This adaptive introgression region in the common bean genome is close to known regions associated with flowering time, such as the fin locus controlling determinacy, and explaining phenotypic variation also for flowering time40. The region also co-maps with Phvul.001G189200 (PvTFL1y; Pv01:44856139–44857862)41 and shows linkage40 to the Ppd locus controlling photoperiod sensitivity42. Wu et al.25 recently identified several markers on chromosome Pv01 associated with flowering under different conditions, with one at ~45.5 Mb. In our GWA, we identified a significant association between photoperiod, flowering time (see also Supplementary Note 36) and the marker S01_48049738, which is found ~400 kb downstream of Phvul.001G221100 (Chr01:47642033–47647745) a gene that has been proposed as a candidate for the common bean Ppd locus43,44.
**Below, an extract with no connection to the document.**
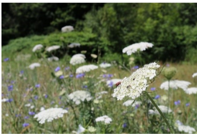
Biodiverse Flächen bieten Lebensraum für verschiedene Insekten.

Wir haben in unserer Umfrage nach den wichtigsten Themen im Projekt gefragt. Die Hauptziele im Projekt sind der Schutz und die Förderung von Insekten . Die Relevanz dieses Themas bestätigen über 73% der Befragten. Als zweitwichtigstes Thema wurden die Anlage und Pflege

Overall, we identified 77 genes that are PAIL. These represent ~11% of all genes (n = 681) showing signatures of selection in Europe (i.e., selection signatures identified with hapFLK and being in an FST outlier window; n = 354) and/or excessintrogression (n = 404). Accordingly, 277 genes show selection in Europe but not excess introgression, and 327 show excess introgression but not selection in Europe. The 77 PAIL show enrichment in seven Gene Ontology categories including GO:0048523, negative regulation of cellular processes; GO:0010228, vegetative to reproductive phase transition of the meristem; GO:0042445, hormone metabolic processes; GO:0009657, plastid organisation; GO:0042440, pigment metabolic processes; GO:0009733, response to auxin; and GO:0070647, protein modification by small protein conjugation or removal (see Supplementary Note 39 and Supplementary Fig 76). Enrichment analysis also suggested that flowering has been an important target of adaptive introgression, highlighting the importance of genes that may be associated with adaptation to abiotic and biotic stress.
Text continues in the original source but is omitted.